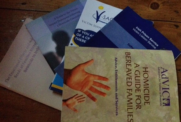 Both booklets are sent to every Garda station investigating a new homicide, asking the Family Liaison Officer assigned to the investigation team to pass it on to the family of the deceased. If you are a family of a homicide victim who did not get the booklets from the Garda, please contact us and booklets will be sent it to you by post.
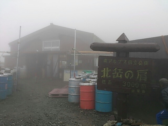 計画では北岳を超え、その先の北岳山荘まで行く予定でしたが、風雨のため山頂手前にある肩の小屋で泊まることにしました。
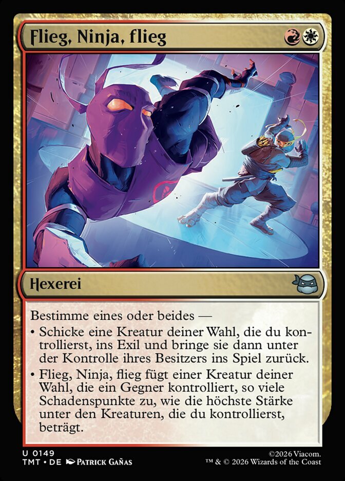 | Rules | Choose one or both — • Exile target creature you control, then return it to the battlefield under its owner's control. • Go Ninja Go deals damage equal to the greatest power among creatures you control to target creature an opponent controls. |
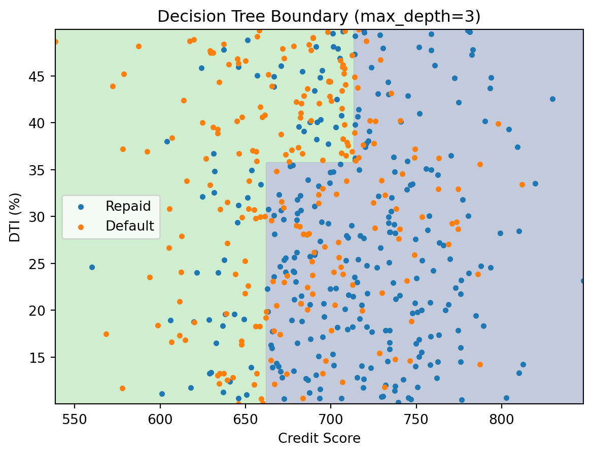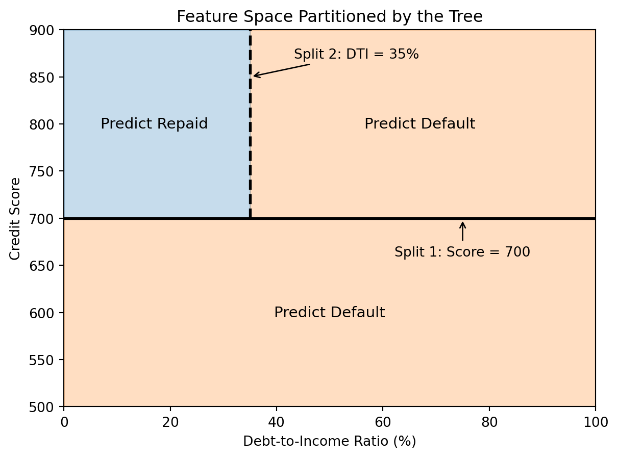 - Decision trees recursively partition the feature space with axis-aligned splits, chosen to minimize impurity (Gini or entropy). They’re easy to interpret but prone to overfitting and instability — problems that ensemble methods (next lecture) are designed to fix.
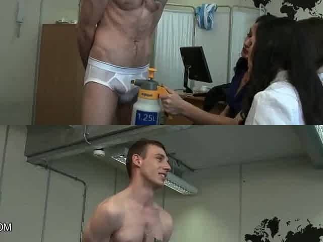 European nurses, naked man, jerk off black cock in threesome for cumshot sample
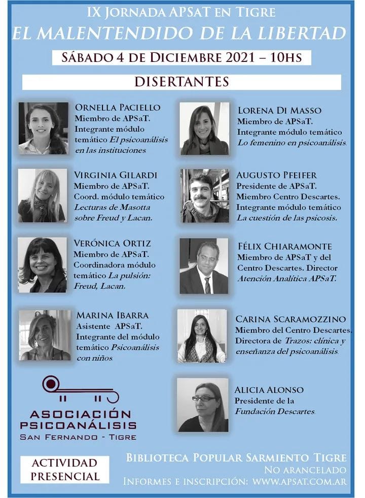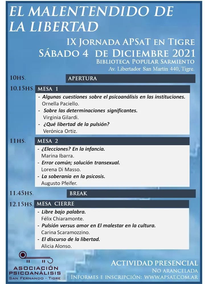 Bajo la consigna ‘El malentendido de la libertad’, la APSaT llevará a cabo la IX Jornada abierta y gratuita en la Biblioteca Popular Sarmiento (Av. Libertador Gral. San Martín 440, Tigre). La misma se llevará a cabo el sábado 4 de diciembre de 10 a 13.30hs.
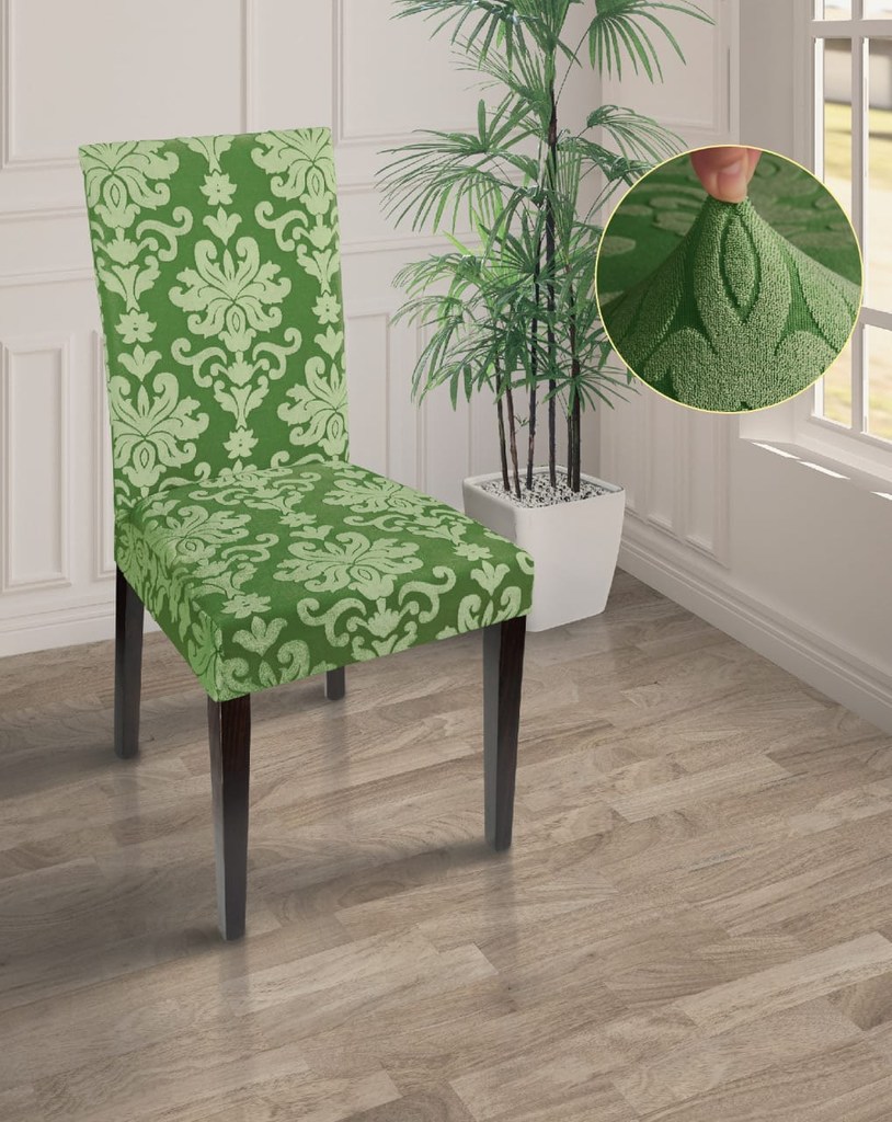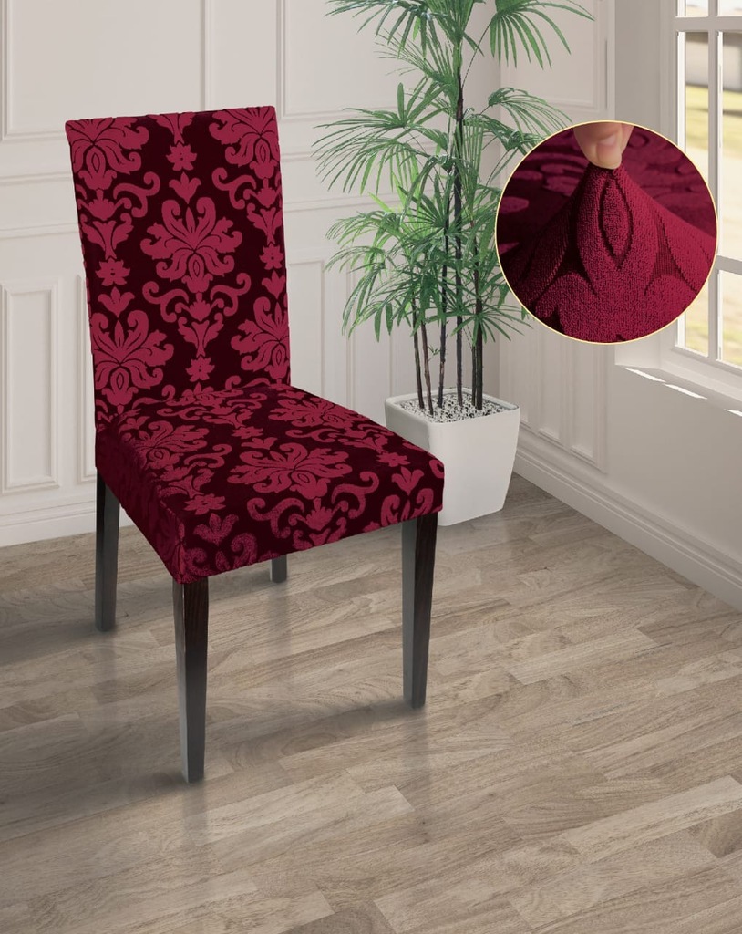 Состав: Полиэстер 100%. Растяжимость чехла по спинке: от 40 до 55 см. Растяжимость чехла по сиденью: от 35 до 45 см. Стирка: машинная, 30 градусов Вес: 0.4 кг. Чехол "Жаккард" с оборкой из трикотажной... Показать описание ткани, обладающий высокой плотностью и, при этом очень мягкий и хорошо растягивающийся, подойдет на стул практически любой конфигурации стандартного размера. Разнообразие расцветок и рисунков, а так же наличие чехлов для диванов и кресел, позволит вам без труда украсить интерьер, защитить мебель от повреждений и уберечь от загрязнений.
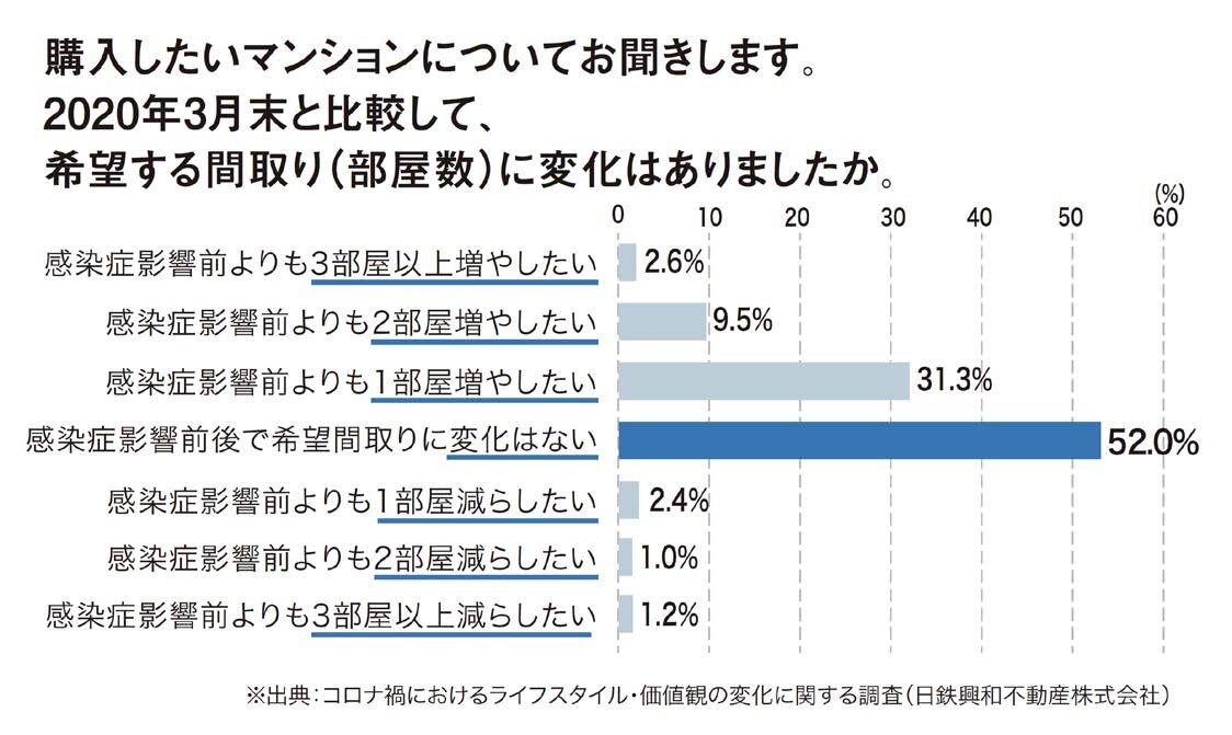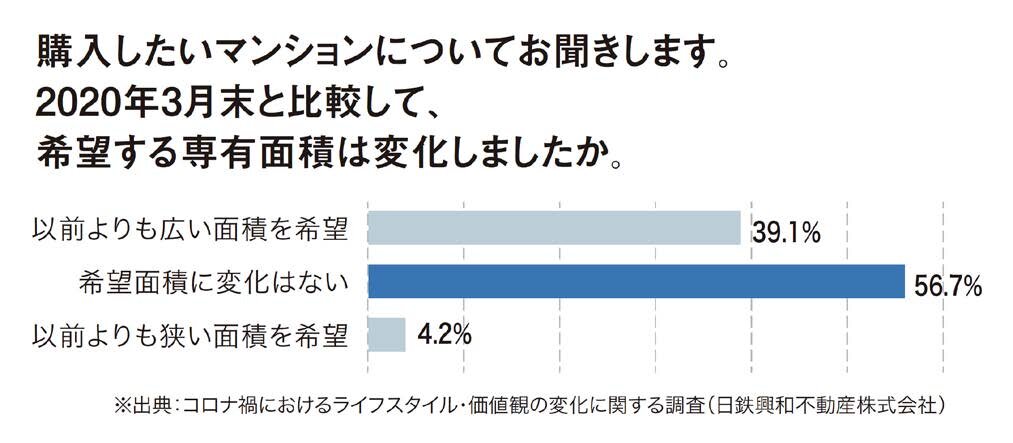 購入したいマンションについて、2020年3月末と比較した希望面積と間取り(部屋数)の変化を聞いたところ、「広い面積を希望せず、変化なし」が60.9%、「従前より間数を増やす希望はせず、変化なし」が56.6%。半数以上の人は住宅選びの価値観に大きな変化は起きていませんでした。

Exercise details: Produce an exact copy of each line of data, skipping embedded images.

Written response:
 Both booklets are sent to every Garda station investigating a new homicide, asking the Family Liaison Officer assigned to the investigation team to pass it on to the family of the deceased. If you are a family of a homicide victim who did not get the booklets from the Garda, please contact us and booklets will be sent it to you by post.
 計画では北岳を超え、その先の北岳山荘まで行く予定でしたが、風雨のため山頂手前にある肩の小屋で泊まることにしました。
 | Rules | Choose one or both — • Exile target creature you control, then return it to the battlefield under its owner's control. • Go Ninja Go deals damage equal to the greatest power among creatures you control to target creature an opponent controls. |
 - Decision trees recursively partition the feature space with axis-aligned splits, chosen to minimize impurity (Gini or entropy). They’re easy to interpret but prone to overfitting and instability — problems that ensemble methods (next lecture) are designed to fix.
 European nurses, naked man, jerk off black cock in threesome for cumshot sample
 Bajo la consigna ‘El malentendido de la libertad’, la APSaT llevará a cabo la IX Jornada abierta y gratuita en la Biblioteca Popular Sarmiento (Av. Libertador Gral. San Martín 440, Tigre). La misma se llevará a cabo el sábado 4 de diciembre de 10 a 13.30hs.
 Состав: Полиэстер 100%. Растяжимость чехла по спинке: от 40 до 55 см. Растяжимость чехла по сиденью: от 35 до 45 см. Стирка: машинная, 30 градусов Вес: 0.4 кг. Чехол "Жаккард" с оборкой из трикотажной... Показать описание ткани, обладающий высокой плотностью и, при этом очень мягкий и хорошо растягивающийся, подойдет на стул практически любой конфигурации стандартного размера. Разнообразие расцветок и рисунков, а так же наличие чехлов для диванов и кресел, позволит вам без труда украсить интерьер, защитить мебель от повреждений и уберечь от загрязнений.
 購入したいマンションについて、2020年3月末と比較した希望面積と間取り(部屋数)の変化を聞いたところ、「広い面積を希望せず、変化なし」が60.9%、「従前より間数を増やす希望はせず、変化なし」が56.6%。半数以上の人は住宅選びの価値観に大きな変化は起きていませんでした。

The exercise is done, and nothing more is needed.